Soma - AI-Powered Physical Therapy
Inspiration
Over 50 million Americans suffer from chronic pain, and physical therapy can cost $150+ per session. Many people abandon their PT exercises because they don't know if they're doing them correctly, leading to ineffective treatment or even injury. We asked: What if everyone could have a Doctor of Physical Therapy watching their form in real-time, right in their pocket?

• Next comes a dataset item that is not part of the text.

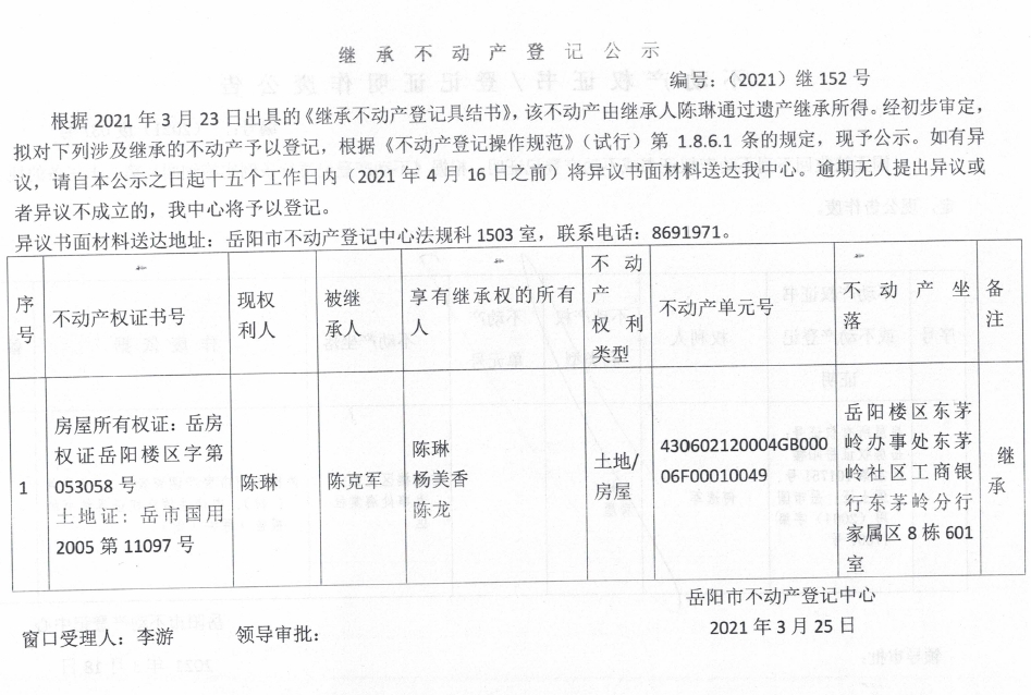 继承不动产登记公示 编号:(2021)继152号(陈琳)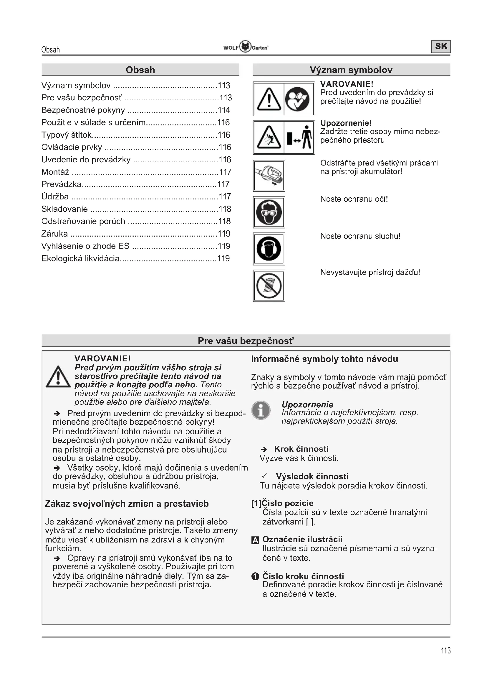 VAROVANIE! Pred prvým použitím vášho stroja si starostlivo prečítajte tento návod na použitie a konajte podľa neho. Tento návod na použitie uschovajte na neskoršie použitie alebo pre ďalšieho majiteľa. Î Pred prvým uvedením do prevádzky si bezpod- mienečne prečítajte bezpečnostné pokyny! Pri nedodržiavaní tohto návodu na použitie a bezpečnostných pokynov môžu vzniknúť škody na prístroji a nebezpečenstvá pre obsluhujúcu osobu a ostatné osoby. Î Všetky osoby, ktoré majú dočinenia s uvedením do prevádzky, obsluhou a údržbou prístroja, musia byť príslušne kvalikované. Zákaz svojvoľných zmien a prestavieb Je zakázané vykonávať zmeny na prístroji alebo vytvárať z neho dodatočné prístroje. Takéto zmeny môžu viesť k ublíženiam na zdraví a k chybným funkciám. Î Opravy na prístroji smú vykonávať iba na to poverené a vyškolené osoby. Používajte pri tom vždy iba originálne náhradné diely. Tým sa za- bezpečí zachovanie bezpečnosti prístroja. Informačné symboly tohto návodu Znaky a symboly v tomto návode vám majú pomôcť rýchlo a bezpečne používať návod a prístroj. Upozornenie Informácie o najefektívnejšom, resp. najpraktickejšom použití stroja. Î Krok činnosti Vyzve vás k činnosti. 3 Výsledok činnosti Tu nájdete výsledok poradia krokov činnosti. [1]Číslo pozície Čísla pozícií sú v texte označené hranatými zátvorkami [ ].

Soma was born from the frustration of trying to follow PT exercises from printed sheets with no feedback. We wanted to democratize access to professional physical therapy coaching using AI and computer vision.
What it does
Soma is an iOS app that combines ARKit skeleton tracking, Google Gemini AI, and ElevenLabs voice synthesis to deliver real-time physical therapy coaching:
AI Pain Diagnosis - Tap your 3D body map, describe your pain, and Gemini generates a personalized exercise plan with empathetic voice guidance
Real-Time Skeleton Tracking - Your iPhone's camera tracks 91 body joints at 60fps using ARKit, displaying a glowing skeleton overlay as you exercise
Instant Form Correction - AI analyzes your form every 2 seconds and speaks corrections in under 300ms (e.g., "Keep knees aligned over toes")
Visual Gamification:
- Green glowing joints when your form is perfect
- Red pulsing joints when errors are detected
- Movement trails showing hand/foot paths
- Automatic rep counting based on joint angles
- Real-time angle displays for knees, spine, hips
Progress Tracking - Track reps completed, form scores over time, and exercise streaks
Example Flow: User taps "Lower Back Pain" → Gemini recommends Bird Dog exercise → User performs it while seeing their skeleton → AI coaches "Keep hips level" when rotation detected → Rep counted automatically
How we built it
Architecture: iOS-First, Backend-as-Coordinator
iOS App (Swift/SwiftUI):
- ARKit ARBodyTracking - 91-joint skeleton detection (requires iPhone XS+, A12 chip)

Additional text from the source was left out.